Several regions around the world saw a jump in COVID-19 cases due to the Omicron variant, though high vaccination rates and fewer hospitalizations lessened the blow. Of more immediate impact, smartphone vendors have been jettisoned by uncertainty over China’s COVID lockdowns, Russia’s invasion of Ukraine, and the rising threat of inflation.
“All this added to traditionally slow seasonal demand,” Peng said. “Vendors must equip themselves to respond quickly to emerging opportunities and risks while staying focused on their long-term strategic plans. The good news is that the painful component shortages might improve sooner than expected, which will certainly help relieve cost pressures.”
One key question is how the downturn in shipments might affect smartphone customers, especially businesses and other organizations.
“Most businesses and organizations may experience some delay in getting the devices they need, but their operations will not be severely impacted,” Canalys research analyst Runar Bjørhovde said. “Consumers will see much higher effects as the range of devices and number of vendors operating in this segment is higher than B2B. Although supply is still the main bottleneck for the smartphone market, demand has reduced to allow the existing supply to reach the end-users who need it the most.”
Still, what should organizations do if they can’t get the phones they need for employees?

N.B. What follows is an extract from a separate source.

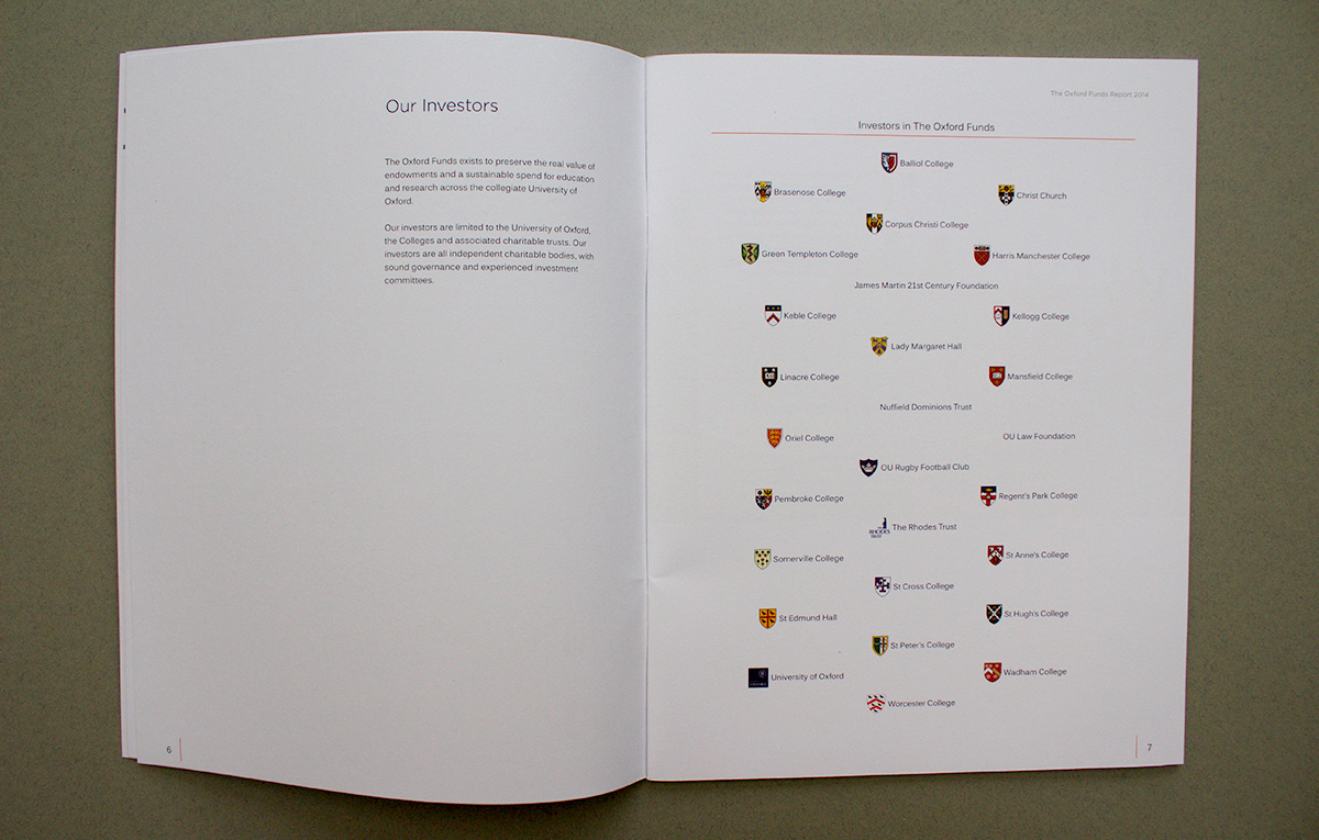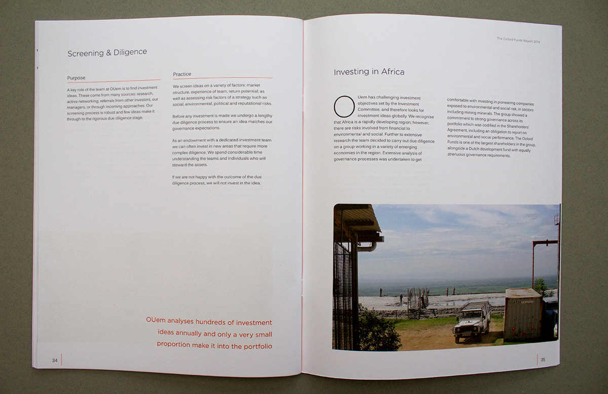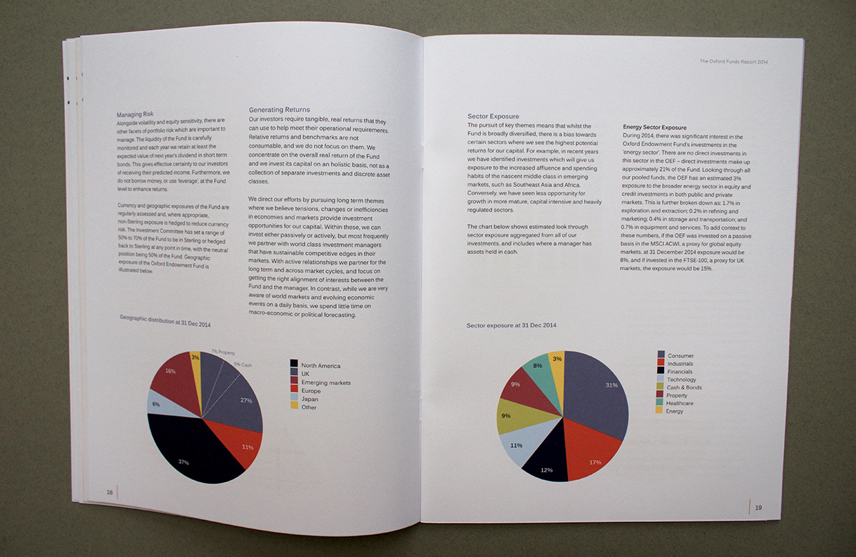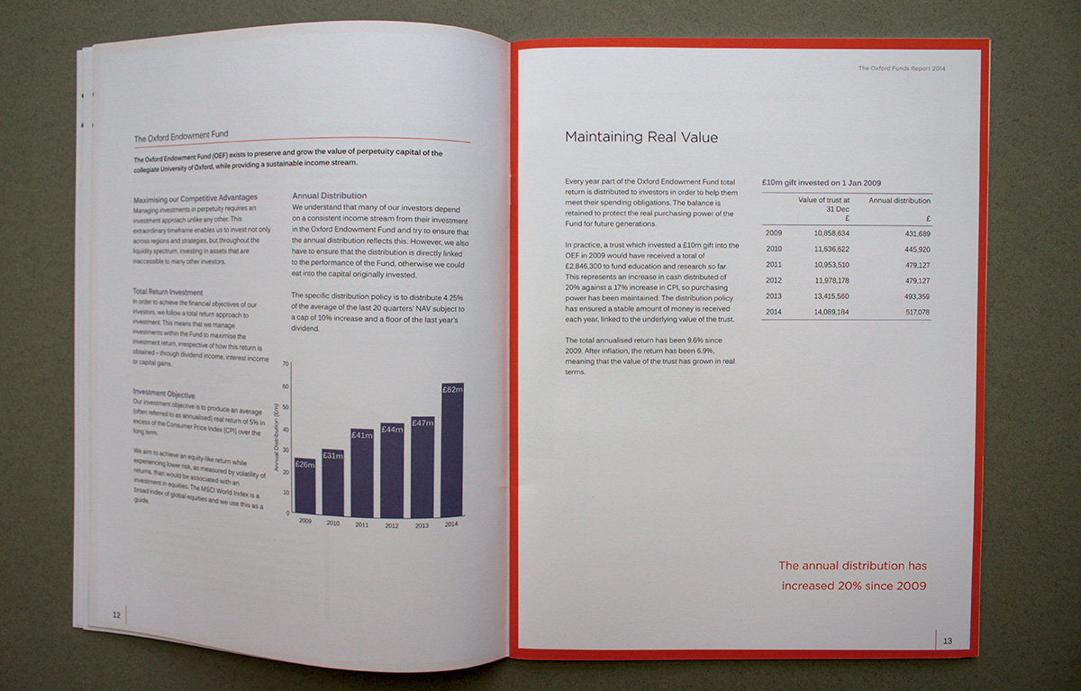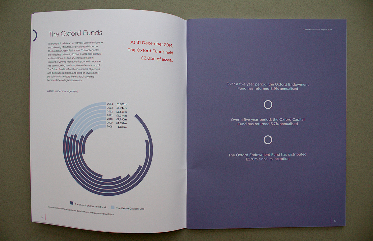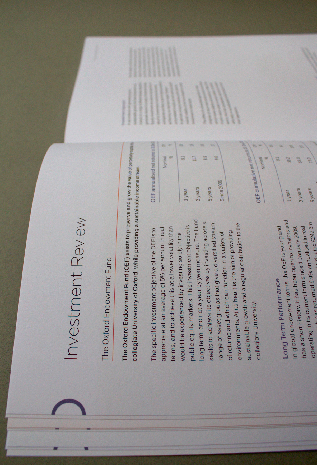 OUem invests gifts donated to the collegiate University of Oxford for the purposes of education and research. We designed their annual report and audited financials to work as a pair of complementary publications. The OUem website makes use of some orange as a feature colour so we developed the use of this to their annual print communications, to help maintain design continuity from digital to print media. Where relevant, images were used infrequently and large for impact. Graphs, tables, charts and other graphic visuals use a bold, limited palette, consistent with and evolving from the existing brand visual identity for OUem.

“Companies who are dependent on managed enterprise devices will either turn to older, existing devices and stretch out the lifetime of the devices, or turn to alternative solutions (PC, tablets, laptops),” Bjørhovde said. “Refurbished devices also offer an unconventional option if the situation is critical. Companies not dependent on managed enterprise devices will likely turn to their employees to use their private devices and increase bring-your-own-device incentives.”
For the quarter, Samsung retained its top spot with a 24% slice of the global smartphone market, up from 22% a year ago. In second place, Apple took home a market share of 18%, up from 15% in the prior year’s quarter.
“Despite the looming uncertainty in global markets, the leading vendors accelerated their growth by broadening device portfolios for 2022,” Canalys analyst Sanyam Chaurasia said.
Samsung did well by updating its lineup for 2022, including its flagship Galaxy S22 series. The company also boosted production of its A series lineup to compete more aggressively in the mid-to-low-end segment. Apple’s iPhone 13 series continued to see high consumer demand, while a new iPhone SE with 5G and better battery life that launched in March is starting to drive sales in the mid-range tier.
The three Chinese vendors filling out the top five each saw their market shares drift down slightly. Xiaomi’s share fell to 13% from 14%, OPPO’s to 10% from 11%, and Vivo’s to 8% from 10%. The Chinese players are seeing supply constraints at the low end of the market, slowing down sales in their home country and limiting their global expansion, according to Chaurasia.